The experiences I have just described are what led me to realize that the real problem with the church is me. Or, should I say, the problem with the church is us. I am not healthy. We are not healthy. I really cannot give myself away to others, at least not for long. I can preach and teach about taking up my cross, about laying down my life, about loving others at all costs. But in the end, its more rhetoric than it is reality.

Words of Wisdom

I shared this frustration of mine with a trusted mentor at one point in my early thirties. His answer surprised me. He already knew my dilemma. He told me that there is no way I can do it. I can’t give myself away like I wanted to with my second set of thirty years. He told me to focus on getting instead! But to focus on receiving from God, not from any other source. And that only then would I have the emotional, spiritual, and physical energy to ever become a more giving person. He shared with me in depth about this. It helped me relax and receive. Over time, relaxing and receiving made me a little more generous and giving. That was an interesting lesson to learn.

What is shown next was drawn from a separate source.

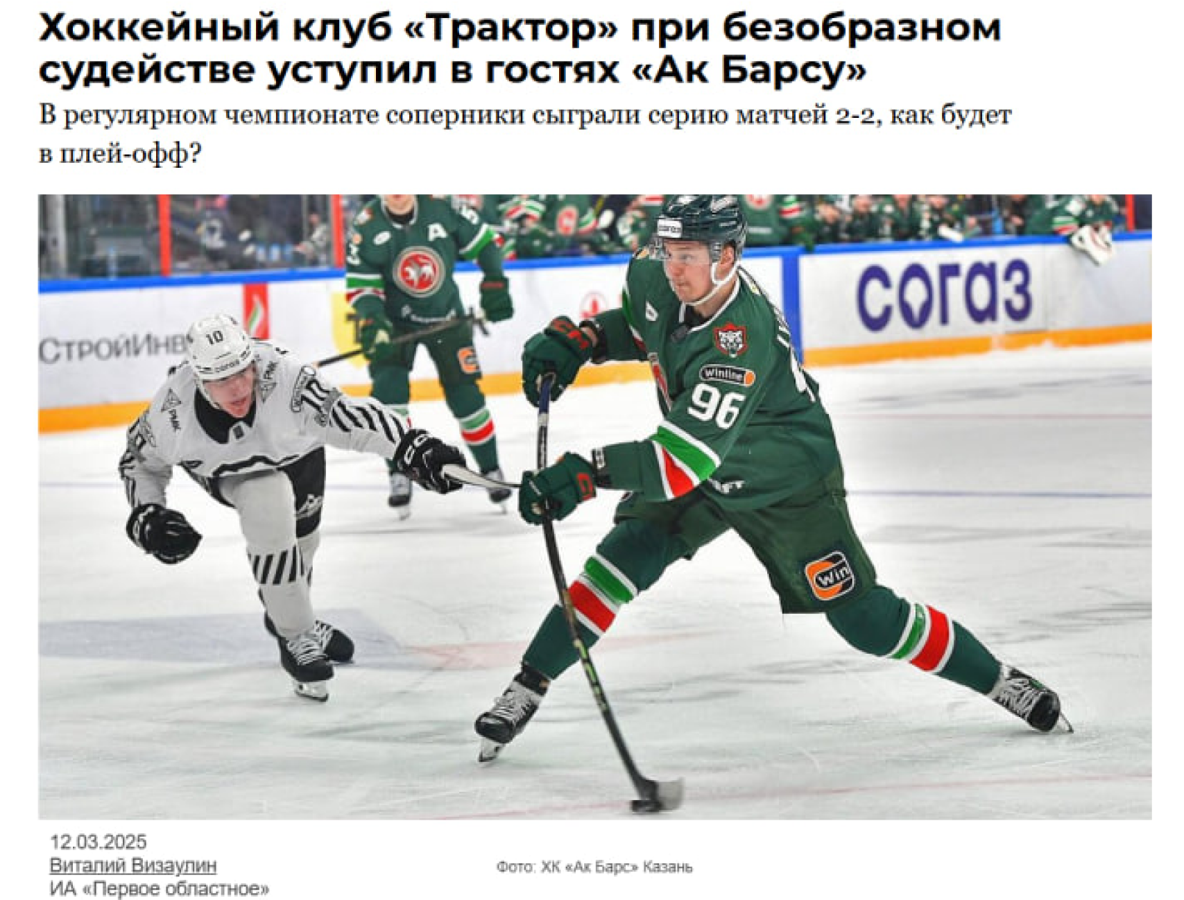 Хоккейный матч челябинского «Трактора» и казанского «Ак Барса» открывает наш топ-3 самых просматриваемых материалов по итогам 2025 года. Наша команда в столице Татарстана потерпела хоть и заслуженное, но обидное поражение со счетом 2:6. Игру испортили судьи, которые слишком уж часто свистели в нашу сторону.

But I’m still humbled that I must admit that the road of my journey to find out what is wrong with the church has led to a mirror. I am what is wrong with the church. Sure, the church has generational problems. Sure it has cultural issues to sift through. Sure it has a huge theological problem in that it doesn’t even know who it is. But more central to its troubles is my own brokenness. And yours. And all of theirs. The problem with the church is me.

I have shared those thoughts on occasion when teaching or preaching. I always follow up my confession by inviting the audience to share in my blame. I tell them that if they are considering taking me out behind the building, hiring a hit man, and doing away with me in order to rid the earth of the church’s problems once and for all, that they should realize that I’m speaking on behalf of us all. I’m being a little bit falsely humble when I say the problem with the church is me. The problem is really us. My brokenness corrupts her. And yours. And all of ours, through space and time. We aren’t giving enough. We don’t give away our energy, our attention, our ability, our money, our love. And we can’t do it. We just are not that healthy.

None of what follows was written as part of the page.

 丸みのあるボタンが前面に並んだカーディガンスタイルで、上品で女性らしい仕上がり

As my trusted mentor instructed me, the same goes for us. We cannot do it. We cannot just force ourselves to be more giving, more generous, more loving. We have to focus on receiving, but on receiving from one source, the love of God. Only then will we relax and be healthy enough to gradually become more loving, more giving, more generous. Then maybe it won’t be quite so dramatically obvious that something is wrong with the church. Then maybe the world will notice more that something is right with the church. Maybe something -- something beyond my ability to conjure up -- will shine through and those who are really watching will notice.

Maybe then you and I -- and all the others who are the church, and then even some who are not just yet -- maybe then we will all find our way home.